Consider this webpage highlighting a book of more than a dozen “spurious correlations” or correlations without any conceivable causal link by Tyler Vigen. Vigen used best-fit statistical modeling tools to identify variables that appear to be following one another in lockstep, despite having absolutely nothing in common.

For example, the second graph on the webpage illustrates a 10-year trend line for the number of people who drown annually by falling into a swimming pool. This is contrasted with a trend line over the same period for the number of films Nicholas Cage appeared in.

Now, obviously any reasonable person can quickly conclude that the two events cannot possibly have any causal link to each other. And yet, there they are, side by side, with striking similarity.

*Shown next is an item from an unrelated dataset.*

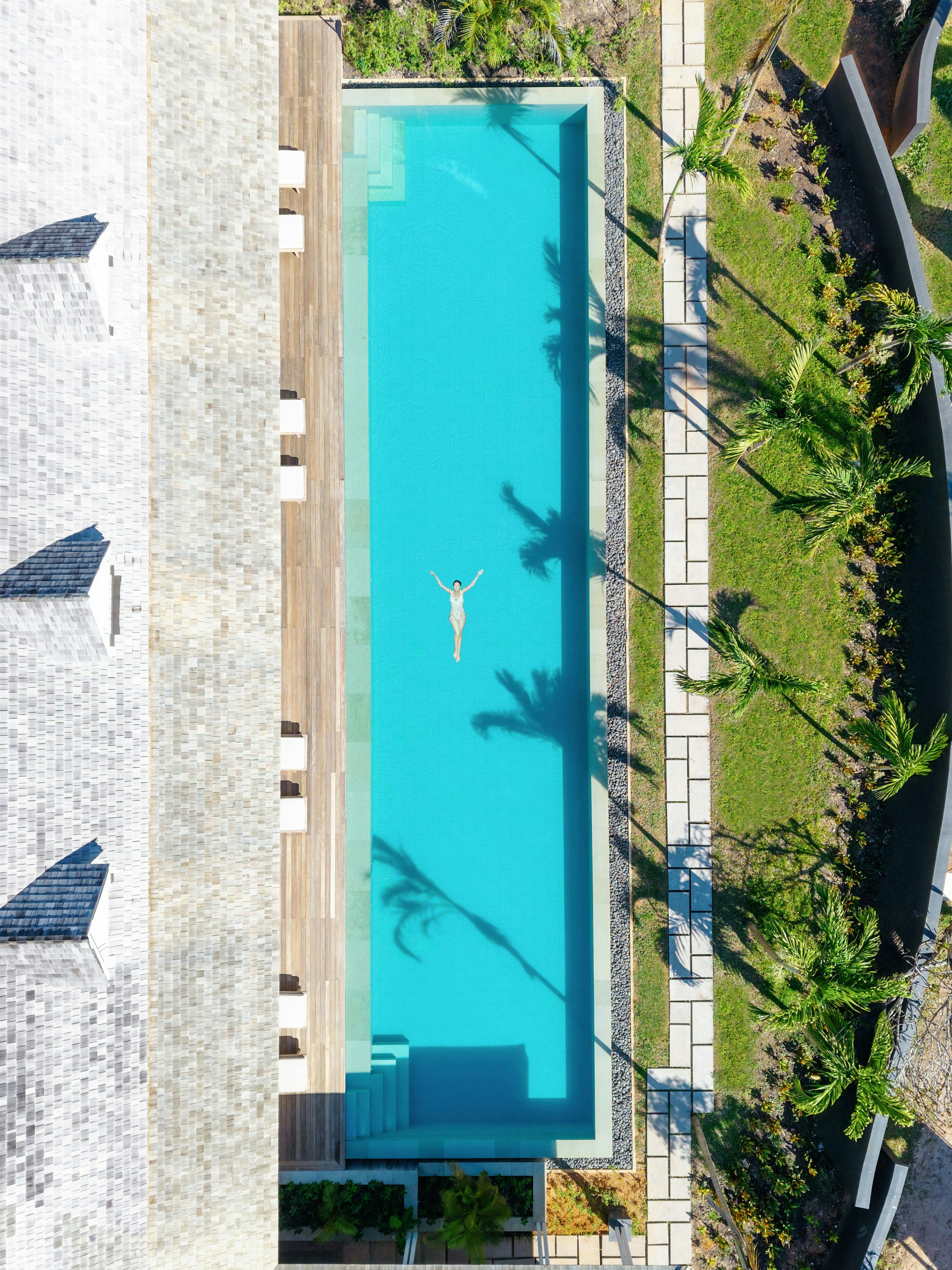 Facing the Gym, a 25-metre pool basks in the noon sun, inviting vigorous swims.

But notice that Vigen had to get pretty creative with the scaling for such variables just to give the illusion of such likenesses. For example, you’ll see that on the pool drownings versus Nicholas Cage movie graph, the scale for drownings is between 80 and 140, while the scale for Nicholas Cage movies is between 0 and 6.

So upon closer examination, we see that this is a cherry-picking of scales to achieve the desired effect. If both scales originated at 0, these two trend lines would scarcely bear the same resemblance.

But it seems we are nonetheless compelled to want to infer causality in the world around us, whether or not such inferences are appropriate. When we perform a good luck ritual such as rubbing a lucky rabbit’s foot and then subsequently experience success or prosperity, we assume that our actions had some effect on the workings of the universe, despite clear scientific evidence to the contrary.

# It Is Far Easier to Make Sense of the World When We Assume Causality

But it is far easier to make sense of the world when we assume such causality. The idea that things could be inexplicably or even counterintuitively correlated is unsettling, because it leaves us without the comfort of having confidence in our own sense of awareness and foresight. After all, if people are dying in swimming pools at more or less the same rate that Nicholas Cage is making movies, with no explanation whatsoever, then how are we supposed to make sense of anything?

But we shouldn’t throw our hands up in exasperation. There are tools of statistical analysis that allow us to parse correlation from caution.

For example, in SOCI332 Statistics for Social Science, our university’s students learn linear regression modeling. That is an advanced method that can, under certain circumstances, identify whether a causal (and not just coincidental) relationship exists between two or more variables.

These tools are critical to our efforts to avoid self-deception. We must take the time to ensure that we are not fooling ourselves when we seek to truly understand the world.